▶ **EXERCISE DETAILS**:
Ignoring every picture, return the lines of the listing below word for word, from the line that holds "В Бурятии подвели" through the line that holds "7月1日1时45分,在中科院空天信息研究院喀什站机房,科研人员在接收高分业务星C星传回的数据。 新华社发(修义 摄)".

▶ **WORKING DATA**:
Segment Open
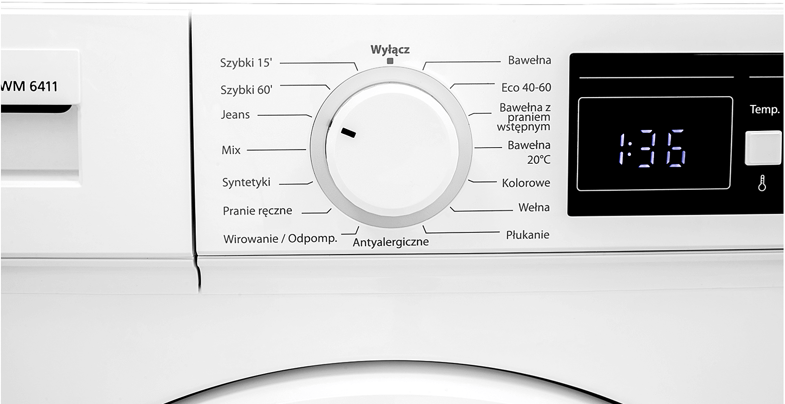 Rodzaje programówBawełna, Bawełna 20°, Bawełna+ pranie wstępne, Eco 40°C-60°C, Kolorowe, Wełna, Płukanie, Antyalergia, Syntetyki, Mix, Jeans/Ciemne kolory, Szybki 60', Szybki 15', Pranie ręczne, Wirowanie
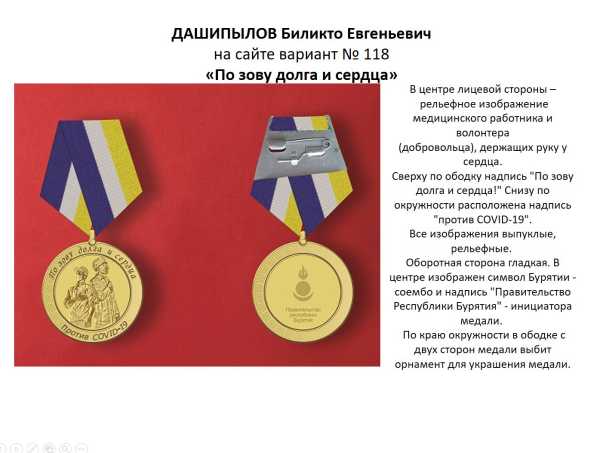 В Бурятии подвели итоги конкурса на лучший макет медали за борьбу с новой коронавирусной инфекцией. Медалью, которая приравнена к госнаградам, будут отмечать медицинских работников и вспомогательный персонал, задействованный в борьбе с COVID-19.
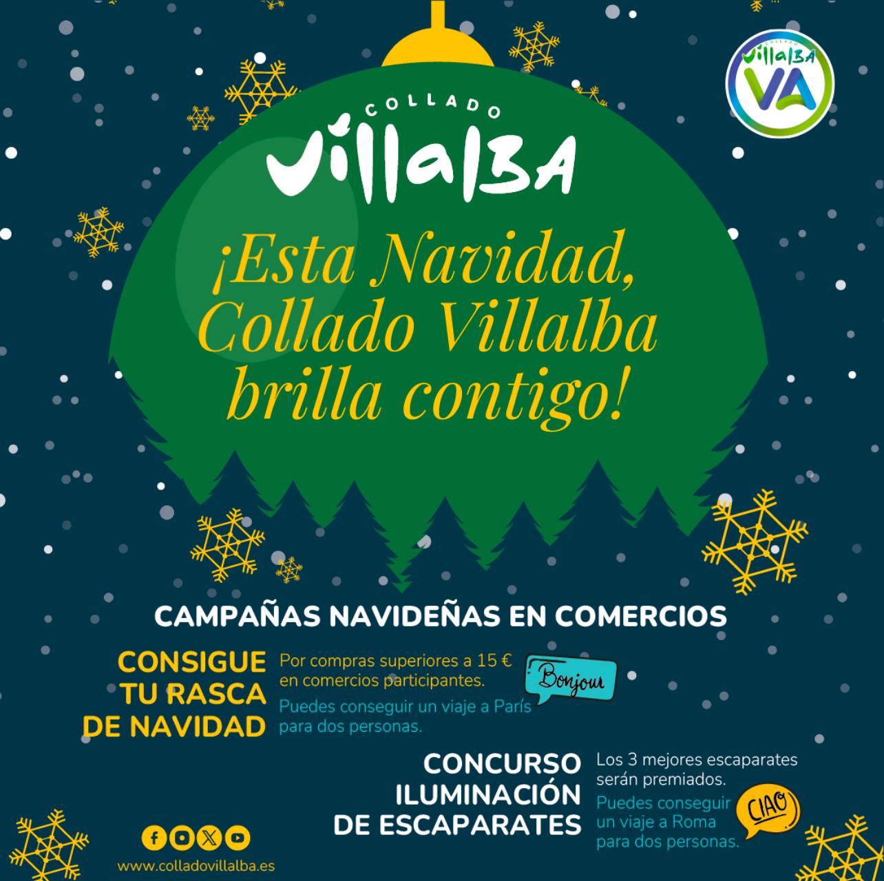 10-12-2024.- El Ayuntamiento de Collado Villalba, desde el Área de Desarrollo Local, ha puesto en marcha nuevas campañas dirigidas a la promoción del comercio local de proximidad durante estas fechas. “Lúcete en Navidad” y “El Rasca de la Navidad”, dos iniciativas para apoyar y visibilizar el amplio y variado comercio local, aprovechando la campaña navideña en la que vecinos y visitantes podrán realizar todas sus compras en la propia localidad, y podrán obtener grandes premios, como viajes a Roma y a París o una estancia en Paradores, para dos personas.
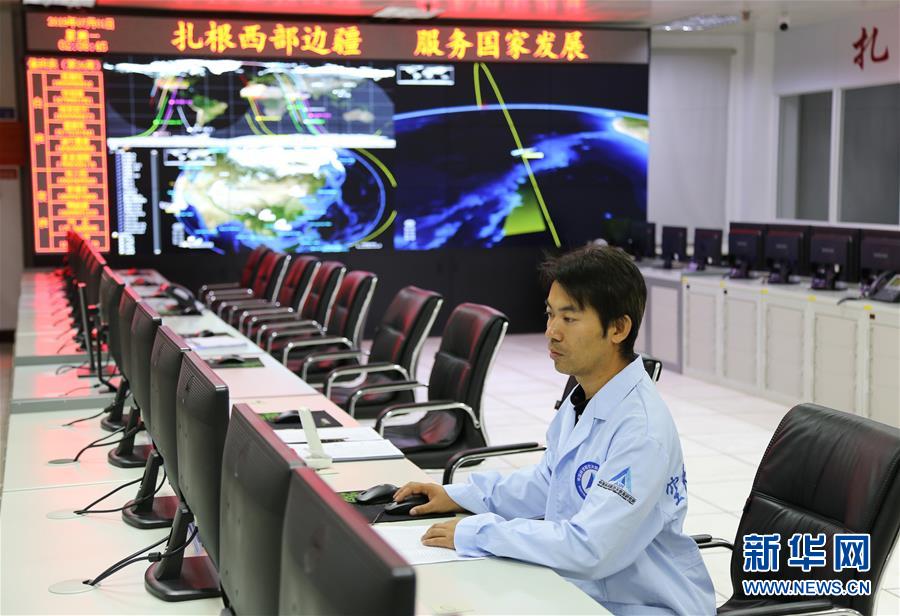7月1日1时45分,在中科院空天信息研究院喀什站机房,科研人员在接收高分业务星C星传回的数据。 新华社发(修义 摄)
Segment Closed
Segment Open
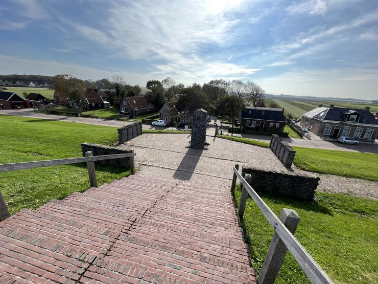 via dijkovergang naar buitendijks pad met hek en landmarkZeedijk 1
Segment Closed
▶ **WRITTEN RESPONSE**:
 В Бурятии подвели итоги конкурса на лучший макет медали за борьбу с новой коронавирусной инфекцией. Медалью, которая приравнена к госнаградам, будут отмечать медицинских работников и вспомогательный персонал, задействованный в борьбе с COVID-19.
 10-12-2024.- El Ayuntamiento de Collado Villalba, desde el Área de Desarrollo Local, ha puesto en marcha nuevas campañas dirigidas a la promoción del comercio local de proximidad durante estas fechas. “Lúcete en Navidad” y “El Rasca de la Navidad”, dos iniciativas para apoyar y visibilizar el amplio y variado comercio local, aprovechando la campaña navideña en la que vecinos y visitantes podrán realizar todas sus compras en la propia localidad, y podrán obtener grandes premios, como viajes a Roma y a París o una estancia en Paradores, para dos personas.
7月1日1时45分,在中科院空天信息研究院喀什站机房,科研人员在接收高分业务星C星传回的数据。 新华社发(修义 摄)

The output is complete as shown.